Booker Prize shortlist announced as SJP calls judging agony a privilege
Five-judge panel trims longlist of 13 to six contenders; winner to be revealed Nov. 10 in London
LONDON — The Booker Prize has announced its six-strong shortlist from a 13-book longlist, with actress Sarah Jessica Parker among the five judges who described the process as agonizing yet a privilege. The Sex and the City star is part of a panel that also includes Roddy Doyle, Kiley Reid, Chris Power and Ayọ̀bámi Adébáyọ̀. The winner will be crowned at a ceremony in London on Nov. 10.
The six shortlisted titles span a range of themes and geographies, from intimate family dramas to geopolitical thrillers. Susan Choi’s Flashlight is the first among the six to be highlighted. Choi’s sixth novel opens with a 10-year-old girl walking along a beach with her father, who is later presumed drowned, and follows the daughter across generations and locations from Japan to America and North Korea. The judges described Flashlight as a family drama and geopolitical thriller centered on a remarkable episode from history that lingers in the reader’s mind.
Kiran Desai, whose The Inheritance of Loss won the prize in 2006, returns with The Loneliness of Sonia and Sunny Desai. The 650-page epic follows two Indian-born writers who have settled in the United States as they reconnect on an overnight train. The judges called it an intimate and expansive epic about two people finding a pathway to love and about class, race and nationhood, noting that the book contains a rich meditation on belonging and identity.
Katie Kitamura’s Audition, the fifth novel by the US author, centers on an actress who meets a man claiming to be her son, with overlapping narratives that blur the lines between performance and reality. The work has garnered attention for its taut, suspenseful narration that pushes readers to question what constitutes truth. The project has drawn additional notice because Barack and Michelle Obama’s production company is developing a film version starring Lucy Liu.
Ben Markovits’s The Rest of Our Lives follows a middle-aged man who leaves his home and marriage to embark on a road trip after dropping his daughter at university. Markovits’s long career includes writing that mixes personal introspection with larger social themes, and this 12th novel of his career is described by the judges as a road-trip chronicle that also probes illness, family bonds and farewell through a highly relatable narrator.
Andrew Miller’s The Land in Winter is set in 1962 in the West Country and follows two couples — with two pregnant women — as a ferocious winter storm tests the characters’ relationships. Miller, who hails from Bristol, was previously nominated for Oxygen in 2001, and the judges described the novel as a gripping study of how people live and negotiate tensions within marriage during extraordinary circumstances.
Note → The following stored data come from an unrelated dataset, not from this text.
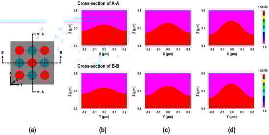 For the simulation of transmission spectra of the glass cross-sinusoidal nanostructure with different heights, a rigorous coupled wave analysis (RCWA) was conducted using commercial software (DiffractMOD, Rsoft, Synopsys, Inc., Mountain View, CA, USA). Based on the measured data of the glass imprinted cross-sinusoidal nanostructure, the 3D simulation models were constructed as shown in Figure 6. Figure 6a presents the top-view image of the 3D simulation model of the cross-sinusoidal structure, as generated using the Rsoft computer-aided design (CAD) tool. In particular, it was a combination of a positive cone structure (red), which represents glass (n = 1.5); and a negative cone structure (cyan), which represents air (n = 1), on a glass substrate (n = 1.5). The environmental material was set as air (n =1). Given that the pitch of the square-arrayed sinusoidal structure was 325 nm, and the diagonal distance between peaks was 460 nm; the x- and y-direction peak-to-valley distances (center of the positive cone and center of the negative cone) were set as 230 nm. The heights of the positive cone and depth of the negative cone were set as half of the measured heights of the cross-sinusoidal nanostructures (35 nm, 55 nm, and 80 nm). The dimensions of the simulation area were set as 460 nm × 460 nm, with repeated boundary conditions. Figure 6b−d present the A-A and B-B cross-sectional refractive index contour maps for the simulation models with total heights of (b) 35 nm, (c) 55 nm, and (d) 80 nm, respectively.
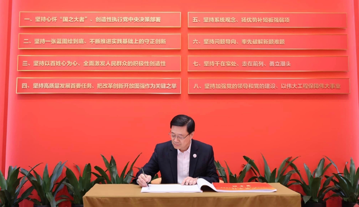 今日(23日)下午,香港特區行政長官李家超在浙江展覽館觀看了“大道之行——‘八八戰略’實施20周年大型主題展覽”。
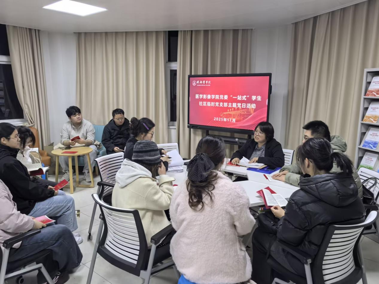 为筑牢党员思想根基、深化“一站式”学生社区党建育人实效,2025年11月27日,医学影像学院党委“一站式”学生社区临时党支部在学生6号公寓一站式社区举办主题党日活动。学院党委书记王爱侠、4号、6号学生公寓“一站式”社区临时党支部书记张昱昊、副书记高健、部分党员及入党积极分子齐聚一堂,以理论学习强党性、以交流研讨促提升、以实地走访暖人心,推动主题党日活动走深走实。

David Szalay’s Flesh tracks a shy 15-year-old boy from a Hungarian housing estate who ascends into the world of London’s ultra-rich as a driver and security guard. Szalay’s sixth novel surveys class ascent and a man who is unusually detached from his own desires, while also delivering a fast-paced narrative that the judges called a compelling meditation on life.
Seven books from the longlist did not advance to the shortlist: Claire Adam, Tash Aw, Natasha Brown, Jonathan Buckley, Maria Reva, Benjamin Wood and Ledia Xhoga. Parker acknowledged that whittling the list down involved tough decisions and said there were books that the panel members had hoped to keep but could not.
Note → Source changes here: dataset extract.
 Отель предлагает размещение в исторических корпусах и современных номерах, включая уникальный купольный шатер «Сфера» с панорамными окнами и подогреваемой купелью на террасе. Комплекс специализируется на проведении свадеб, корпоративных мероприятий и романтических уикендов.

To guide their choices, the judges used a traffic-light rating system — green, amber and red — to assess how strongly they connected with each work. Parker said the process of reaching the traffic lights was itself a moment of high emotion and excitement, noting that the experience of reading early copies and discussing them with other writers was a privilege.
The jury was chaired by former Booker winner Roddy Doyle and included writers Kiley Reid, Chris Power and Ayọ̀bámi Adébáyọ̀. Doyle has previously guided the prize to a diverse set of winners, and this year’s panel sought a balance between established voices and newer, boundary-pushing narratives.
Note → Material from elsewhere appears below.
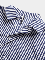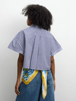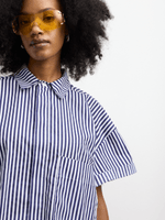 Introducing our blue stripe boxy cropped shirt for a laid-back and stylish look. Made from a poly-cotton blend for a comfortable fit. Perfect for any casual outfit.

The Booker Prize remains one of the world’s most celebrated literary awards, with the winner earning not only international recognition but a substantial boost in readership. The shortlist announcements are typically followed by a flurry of critical analysis and book-tour activity as readers anticipate the final decision.
The ceremony to announce the winner is scheduled for November 10 in London, where the author will receive the prize and a substantial literary prize. The six shortlisted works represent a broad spectrum of modern fiction, from intimate family dramas to social thrillers, and reflect the prize’s ongoing interest in novels that traverse borders, cultures and social hierarchies.
In addition to the broadcasting and literary community interest, the inclusion of Audition has drawn extra attention for Kitamura, given the adaptation interest surrounding the book. The intersection of literature and film production continues to be a feature of contemporary Booker suspense, with audiences looking for how the shortlisted works translate to screen or stage.
As the countdown to the November ceremony begins, publishers and readers alike will revisit these six titles to gauge which narrative resonates most with the judges’ criteria for achievement, ambition and craft. The Booker Prize, while rooted in literature, often reflects broader cultural conversations about memory, power, class, and belonging, and this year’s shortlist appears to be no exception.